I've got a Par Mak Magnum 12UO fencer coming from Valley Vet http://www.valleyvet.com/ct_detail.html?pgguid=63714a46-814d-11d5-a192-00b0d0204ae5 for 91.00 with shipping. Swapping out the oldest vehicle battery for a new one for a power source for the charger and I'm good to go. It isn't worth the risk to me to build one.


----------



## Heritagefarm (Feb 21, 2010)

I am now confused about what "impedance" means. Does this mean that if there are weeds it will impede the charger, which means I need a high-impedance charger?


----------



## agmantoo (May 23, 2003)

In non-technical terms, low impedance means the fence charger is designed to effectively shock through vegetation and other foreign matters contacting the charged wire. Vegetation such as grass, weeds, vines, etc., contacting the charged wire tend to impede or stop the flow of electricity by "grounding out" the fence. This is a common problem which exists on most electric fence installations. The low impedance fence charger is a solid-state capacitor discharge design and has enough power to force the shock through vegetation.


----------



## Heritagefarm (Feb 21, 2010)

agmantoo said:


> In non-technical terms, low impedance means the fence charger is designed to effectively shock through vegetation and other foreign matters contacting the charged wire. Vegetation such as grass, weeds, vines, etc., contacting the charged wire tend to impede or stop the flow of electricity by "grounding out" the fence. This is a common problem which exists on most electric fence installations. The low impedance fence charger is a solid-state capacitor discharge design and has enough power to force the shock through vegetation.
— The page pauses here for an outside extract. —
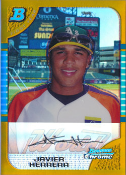 ![]() 2005 Bowman Chrome Draft Gold Refractors #BDP147 Javier Herrera RC 02/50 |

Thanks, that helps a lot! I was reading this post:
http://www.homesteadingtoday.com/showpost.php?p=4996287&postcount=3
And it says he uses a 100 mile fence charger rated for 12,000 volts and 6 joules. 
Now, what I'm planning on doing is running 1 strand of hotwire around the perimeter of about 18 acres and 8 acre paddocks, and then cross-fencing. That's the plan. Do you think that powerful of a fence charger would simply be overkill for 360 feet of polyfence? 
Also, how does the joule part compute?
http://muller.lbl.gov/teaching/Physics10/old physics 10/physics 10 notes/voltsampsetc.html
"Watt (power) = 1 joule per second
The watt is a unit of power. One watt is equal to one joule per second. The power P it takes to send current I through a wire is given by:

P = V I

A bright lightbulb consumes about 100 watts, i.e. about 100 joules every second. "
Does this mean a 6 joule fence with 12,000 Volts will deliver... Um, well, normally I'm good at math but it is 10:30 right now!


----------



## Allen W (Aug 2, 2008)

I received my new fence charger today, very pleased with it. The built in meter makes it easy to see the fence condition.
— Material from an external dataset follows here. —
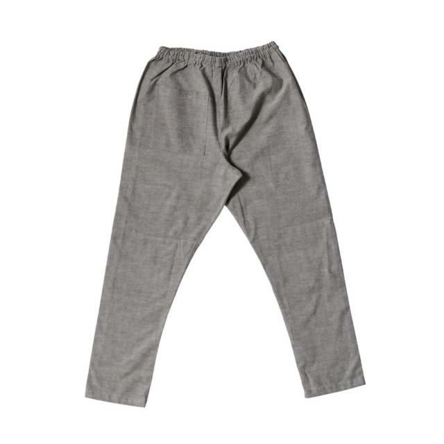 久留米絣(くるめかすり)を現代風に仕立てあげ、カジュアルな日常着にしました。伝統工芸である久留米絣を現代風の型で仕立て上げたもんぺです。綿100%で風合いある生地は、履き心地抜群。使ううちにどんどん肌になじんでいきます。 昔ながらの「もんぺ」は腰回りがゆったりした農作業着のイメージがありますが、こちらは腰回りをスッキリさせ細身にし、日常の服と馴染みやすくしています。動きやすさはそのまま♪洗濯機でざぶざぶと洗えて、乾きが早いのでお手入れが簡単です。作業着はもちろん、カジュアルな普段着として着ていただけます。生地の厚さは、ベーシック(薄手)になります。ベーシック:涼しく、着心地が抜群の生地です。春~秋頃が最適。ディティール腰紐と裾ゴム付きで、ウエストの調節や裾の形を変えることができます。裾をしぼっても、折り曲げても、そのままでも♪前右側にパッチポケットがあり、ちょっとした小物を入れるのに便利。膝周りの内側にはひざあてがあり、生地が薄くなりがちな部分を補強しています。170cmの男性でもS、M、Lと履けていますが、膝下が特に細めの形をしています。運動をしている方などはふくらはぎがぴったりになる場合が多いので、ワンサイズ上をおススメしております。山で! 海で! 畑で! 旅で!吸水性、速乾性にたけているMONPE。もともと農作業着として発展してきたもので、 その機能はお墨付きです!家庭菜園や庭いじりなど 機能性、着心地ともに最高です。ちょっとした運動やウォーキングにも適しているので、山や海などのアウトドアにもおススメなんです。こちらは、Mujiベーシックではありませんが、参考までに。クルクルと丸めたら小さく収まるし、 洗って干してたらすぐ乾くしで、旅にもぴったりのMONPE。さあ、あなたもMONPEを履いてボン・ヴォヤージュ!カラー 全7色やっぱり無地が基本。ベーシックな色を7色揃えました。Mサイズ重さ180g。

Heritagefarm unless you have sheep or goats I think the 100 mile fence charger is over kill for your acreage. I would stay away from anything rated less then 30 miles they don't have enough bite.


----------



## Heritagefarm (Feb 21, 2010)

Allen W said:


> Heritagefarm unless you have sheep or goats I think the 100 mile fence charger is over kill for your acreage. I would stay away from anything rated less then 30 miles they don't have enough bite.


I have sheep and goats. I just realized, however: How will lambs and kids do with 20,000 volts? It doesn't last very long at all, but is it enough to harm them?


----------



## Rogo (Jan 1, 2006)

May be of no help to you, but for many years I've had a Parmak 12 volt solar fence charger. It covers 30 miles of fencing and cuts through vegetation. Says it'll work for 5 days with no sun, but I haven't been able to test that -- I live in the sun belt! -G-

Good heavens. Didn't realize I was on the cattle site. Oh well. Hope you find an answer.


----------



## Allen W (Aug 2, 2008)

Heritagefarm said:


> I have sheep and goats. I just realized, however: How will lambs and kids do with 20,000 volts? It doesn't last very long at all, but is it enough to harm them?


The shock from a fencer is more like a static electric shock then the shock from an electric outlet. I'm sure it wouldn't be good for them if they were caught in the fence, but it shouldn't be harmful if they were just shocked by the fence.


----------



## Heritagefarm (Feb 21, 2010)

Does anyone have any experience with a 20,000 volt charger (w/ intermittent) and lambs/kids?


----------